(Extracted data entries)
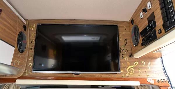 房車內(nèi)飾部分是按照譚先生夫婦的意愿改裝的,很有特色。駕駛室保留了進(jìn)口依維柯原裝風(fēng)格,駕駛室上方為液晶電視,駕駛室與后方車廂為前后貫通式結(jié)構(gòu),打開(kāi)車門便是會(huì)客區(qū),兩個(gè)面向門的沙發(fā)很舒適,沙發(fā)中部為升降桌。
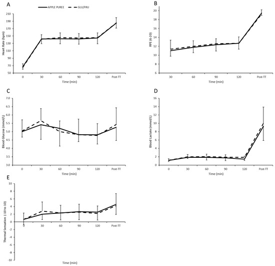 Laboratory conditions were not different between trials (GLU/FRU 21.8 ± 2.1 °C; APPLE PUREE 21.7 ± 1.7 °C; p = 0.556), relative humidity (GLU/FRU 35.4 ± 11.9%; APPLE PUREE 37.5± 14.4%; p = 0.272), or barometric pressure (GLU/FRU 751 ± 12 mmHg and APPLE PUREE 758 ± 8 mmHg; p = 0.128).
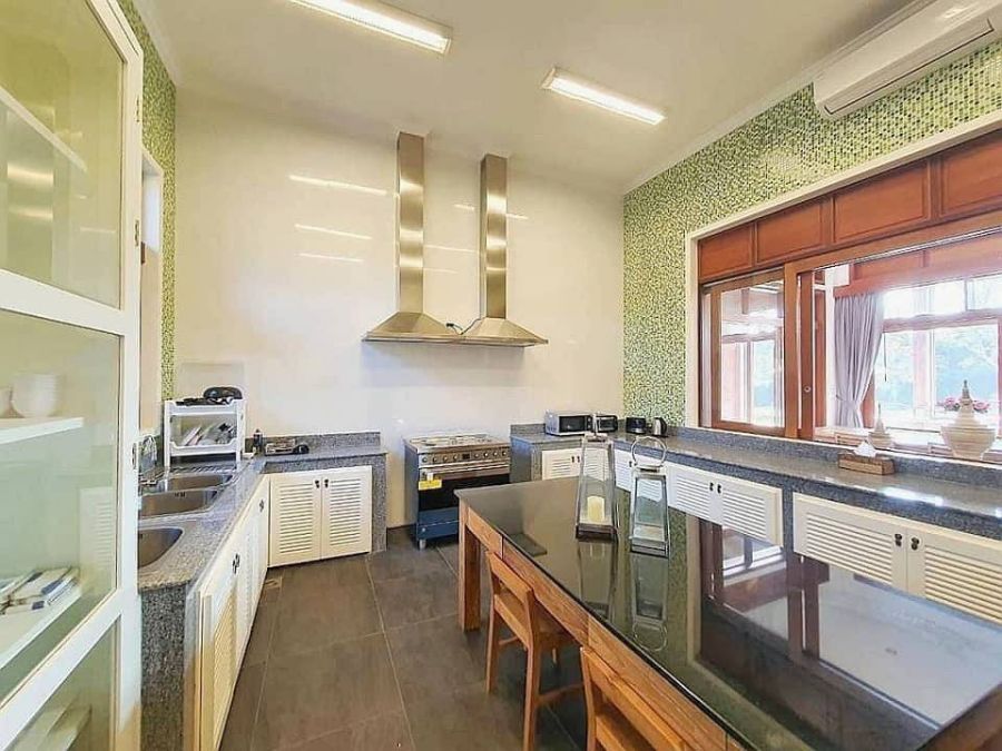 - ห้องครัวฝรั่ง ขนาดใหญ่ พร้อมเตาอบ ที่ดูดควันไมโครเวฟ ตู้เย็นขนาดใหญ่ เคาร์เตอร์ปูด้วยหินแกรนิกแบบสวยงาม และแข็งแรงทนทาน
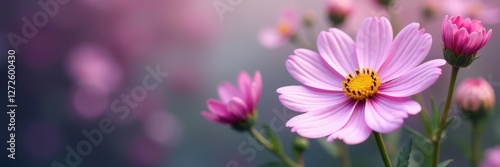 © Theerawat, Fototapeta premium Intricate purple and white cosmos arrangement, blurred floral backdrop, soft, flower
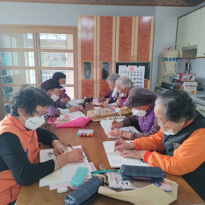 ▲ 산청군은 어르신들의 문해력 향상을 위한 2023성인문해교실 ‘청춘배움학교’를 운영한다. (사진=단성면 교동마을 교육 모습)사진=산청군 |
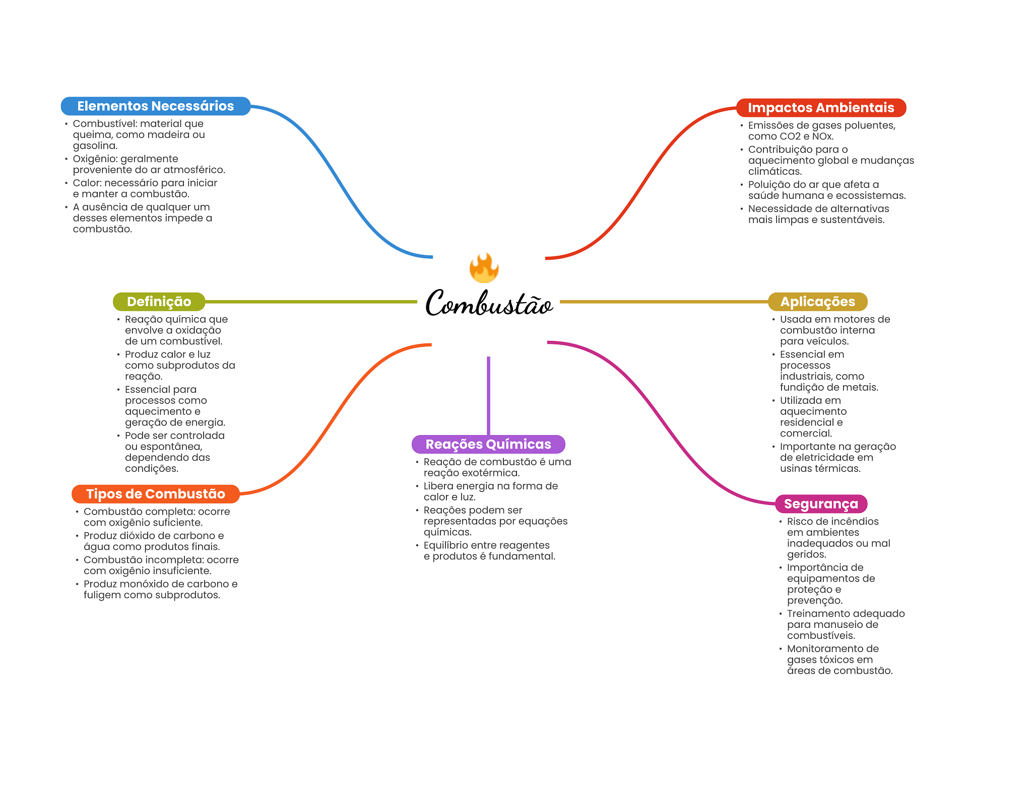 Elementos Necessários Impactos Ambientais Combustível: material que Emissões de gases poluentes, queima, como madeira ou como CO2 e NOx. gasolina. Contribuição para Oxigênio: geralmente aquecimento global e mudanças proveniente do ar atmosférico. climáticas. Calor: necessário para iniciar Poluição do ar que afeta a e manter a combustão. saúde humana e ecossistemas. A ausência de qualquer um Necessidade de alternativas desses elementos impede a mais limpas e sustentáveis. combustão. Definição Combustão Aplicações Reação química que Usada em motores de envolve a oxidação combustão interna de um combustível. para veículos. Produz calor e luz Essencial em como subprodutos da processos reação. industriais, como Essencial para fundição de metais. processos como Utilizada em aquecimento e aquecimento geração de energia. residencial e Pode ser controlada comercial. ou espontânea, Reações Químicas Importante na geração dependendo das Reação de combustão é uma de eletricidade em condições. reação exotérmica. usinas térmicas. Libera energia na forma de Tipos de Combustão calor e luz. Combustão completa: ocorre Reações podem ser Segurança com oxigênio suficiente. representadas por equações Risco de incêndios Produz dióxido de carbono e químicas. em ambientes água como produtos finais. Equilíbrio entre reagentes inadequados ou mal Combustão incompleta: ocorre e produtos é fundamental. geridos. com oxigênio insuficiente. Importância de Produz monóxido de carbono e equipamentos de fuligem como subprodutos. proteção e prevenção. Treinamento adequado para manuseio de combustíveis. Monitoramento de gases tóxicos em áreas de combustão.
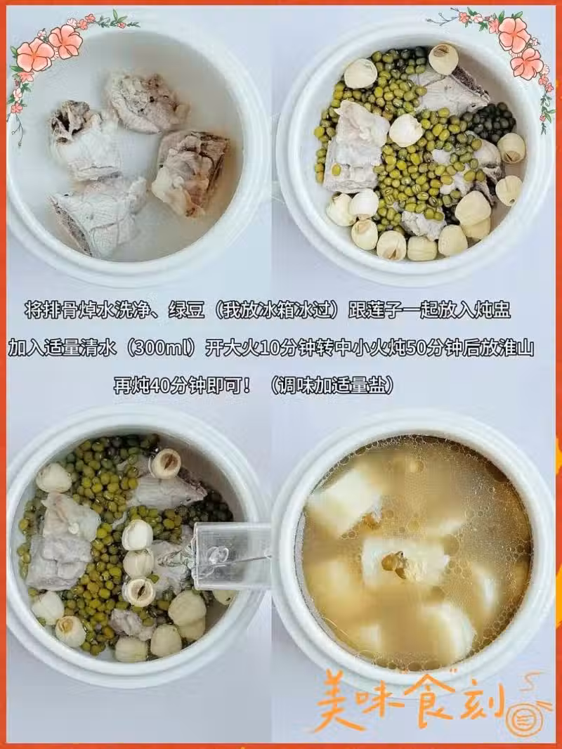 排骨500克、山藥1根(切塊)、綠豆50克、蓮子30克

• [Work request] Each line above from the one containing "backdrop, soft, flower" through the one containing "교육 모습)사진=산청군 |" is to be returned verbatim. Nothing else, and no pictures.

• [Completed exercise]
 © Theerawat, Fototapeta premium Intricate purple and white cosmos arrangement, blurred floral backdrop, soft, flower
 ▲ 산청군은 어르신들의 문해력 향상을 위한 2023성인문해교실 ‘청춘배움학교’를 운영한다. (사진=단성면 교동마을 교육 모습)사진=산청군 |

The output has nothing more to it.